Colorizer was inspired by recent photography trends where images are often edited with orange and teal tones. Colorizer pulls the brighter areas (highlights) and darker areas (shadows) of an image towards two different colors (orange and teal by default). You can use this tool to add strong tones to your images.

Here is a sample image:

Imgur

Here is the same image run through colorizer with the default settings:

Imgur

Usage

Dependencies

To run colorizer, you will need Python and the Python Imaging Library (PIL).

You can install Python here.

To install PIL, you can run the following command:

pip install Pillow

If you don't have pip, you can try and install PIL using the instructions here.

Specifying Filepath

To run colorizer on one or more pictures, you must specify a folder with supported images. You can specify the filepath for the folder with images by using the -f flag as follows:

python colorize.py -f insert_filepath_here

If the folder with images is /Users/arudrra/Images, here is how the command should look:

python colorize.py -f /Users/arudrra/Images

Colorizer will then apply the color edits to all supported files in the specified folder (/Users/arudrra/Images in the example above). Colorizer saves the file to the same folder with a _colorized appended to the end of the filename. You can edit the file ending by changing the MODIFIED_FILENAME_ADDITION global in the colorize.py file.

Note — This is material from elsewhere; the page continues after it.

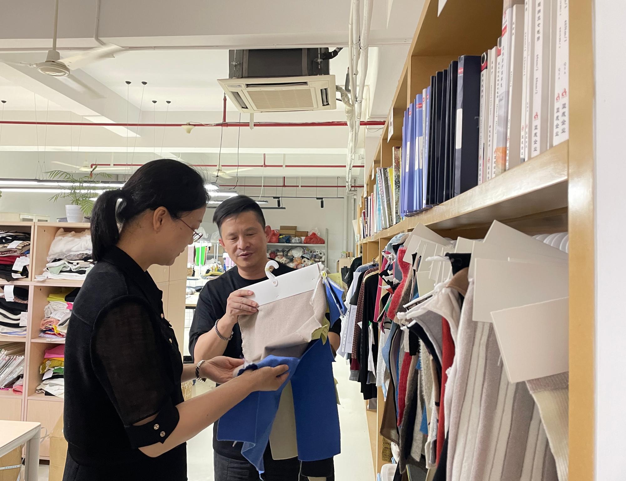 杭州悦和服装服饰有限公司董事长周曜、总经理助理邵佳琼、行政后勤经理陈科蔚热情接待了王景一行。在参观企业的过程中,董事长周曜讲解了针织衫从原料选取、生产定样、成品检验、产品出口以及销售的全链条周期。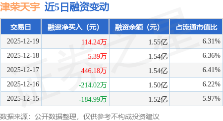 证券之星消息,12月19日,津荣天宇(300988)融资买入893.8万元,融资偿还779.56万元,融资净买入114.24万元,融资余额1.55亿元,近3个交易日已连续净买入累计565.81万元。

Colorizer supports files with JPG, JPEG, and PNG extensions. You can add or remove supported file types by modifying the SUPPORTED_EXTENSIONS global in the script.

Python Versions

Colorizer requires python3 to work. Depending on your environment, you may have to use python3 instead of python when running colorize: python3 colorize.py -f /Users/arudrra/Images

Runtime Notes

Colorizer samples every image and computes every pixel value for each image. This process takes time, especially for larger images. Colorizer tells you which image is being processed at the moment and when the image has been colorized and saved. Quitting the script preemptively will cause the progress for the current image to be canceled.

Under the Hood

Editing Base Tones

By default, highlights (brighter parts of the image) are pulled towards orange and shadows (darker parts of the image) are pulled towards teal. You can change the colors that both highlights and shadows are pulled towards with the -hrgb (highlight rgb) and -srgb (shadow rgb) flags.

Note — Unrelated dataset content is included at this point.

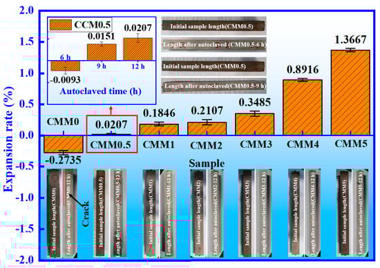 Among them, the expansion rate of CMM0-12 h is −0.2735% (the crack is circled in red in Figure 9) because of thermal expansion and cold contraction of cement hydration. This result is consistent with the results of Shi [35]. The expansion rates of CMM4–12 h and CMM5-12 h are 0.8916% and 1.3667%, respectively, which are higher than the standard value (0.5%) of GB/T 750-1992. However, the expansion rate of the CMM0.5–12 h is the lowest (0.0207%). This phenomenon proves that the long-term volume stability of CMM0.5 is optimal compared to the others. In Figure 9, autoclaved experiments of CMM0.5 were conducted at 6, 9 and 12 h to explore the rule of CMM0.5 expansion rate. It is apparent that the expansion rate of CMM0.5 increases from −0.0093 to 0.0207% with the autoclave time. This phenomenon proves that the higher strength (Figure 5) contributes to the long-time volume stability of CMM0.5.
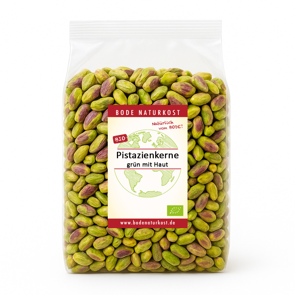 Grüne Bio Pistazienkerne mit Haut und ohne Schale. Das Innere der Pistazien ist gelb bis grün, die Haut grünbraun bis leicht violett. Ihr Geschmack ist leicht süßlich und intensiv nussig. Pistazien sind eine Eiweißquelle und reich an Ballaststoffen. Ihr einzigartiger Geschmack macht sie roh oder leicht geröstet zu einer hervorragenden Zutat oder Dekoration für köstliche Kuchen, Torten, Plätzchen und Desserts. Auch als Zutat in herzhaften Gerichten der orientalischen Küche sind sie eine wunderbare Bereicherung. Gönnen Sie sich diesen Luxus im Alltag und genießen Sie weitere leckeren Nüsse wie unsere gerösteten und gesalzenen Pistazienkerne mit Schale.

python colorize.py -f /Users/arudrra/Images -srgb 100 141 145 -hrgb 194 0 24

Here is how the original image would look with the command above. The shadows are pulled towards the blue tone rgb(100,141,145) and highlights are pulled towards the red tone rgb(194,0,24) thus overriding the original orange and teal tones.

Imgur

Computing the Median Luminosity

Colorizer computes the threshold luminosity (brightness) of the image by sampling evenly spaced pixels. The median luminosity of sampled pictures is used as a threshold for pulling colors. Any pixels with a luminosity lower than the median are classified as shadows while any pixels with a luminosity greater than the median are classified as highlights. Sampling for the median luminosity allows colorizer to classify and pull roughly 50% of the pixels in an image towards one color while pulling the remaining 50% of the pixels towards the other color.

Adjusting for Distortion

In some images, the color edited image may be distorted due to a bad median value. For example, if most of the image is extremely bright (75% of the pixels are highlights), the median sampling will still force half of the pixels to be pulled towards the shadows (darker tones) so 25% of the highlight pixels will be misclassified as shadows.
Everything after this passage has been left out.